(Stored records)
____

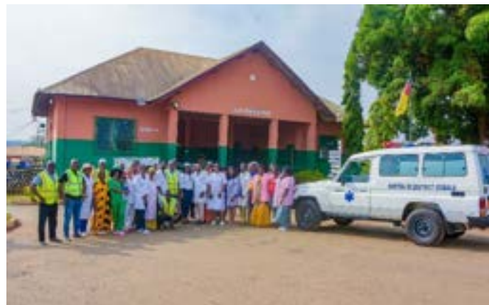
Family picture of the ceremony
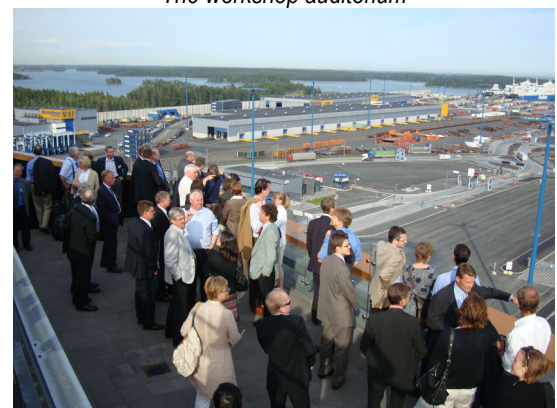
From the visit to the port of Helsinki

A lively discussion took place among the stakeholders and the members of the project’s Advisory Committee who were also invited to the event. Based on the valuable input received, the Project’s Management Committee concluded at a selection of 9 corridors to be used for benchmarking and further analysis in the project.
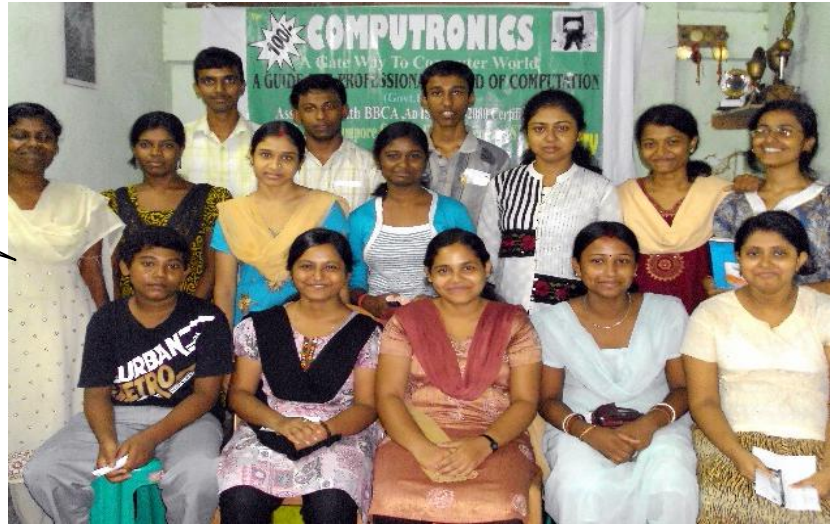
Batch of 2010-11
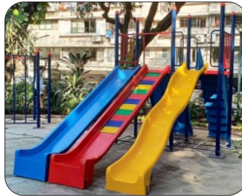
MPPS - 24 ( Pedder Road ) www. playglobal.in
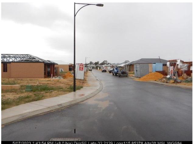
Photo ID: Photo 2 Looking across the subdivision site with lots where construction on new builds has commenced.

____

*How to complete this task:*
With the pictures set aside, copy each line above as written.

*Expected answer:*
Family picture of the ceremony
From the visit to the port of Helsinki

A lively discussion took place among the stakeholders and the members of the project’s Advisory Committee who were also invited to the event. Based on the valuable input received, the Project’s Management Committee concluded at a selection of 9 corridors to be used for benchmarking and further analysis in the project.
Batch of 2010-11
MPPS - 24 ( Pedder Road ) www. playglobal.in
Photo ID: Photo 2 Looking across the subdivision site with lots where construction on new builds has commenced.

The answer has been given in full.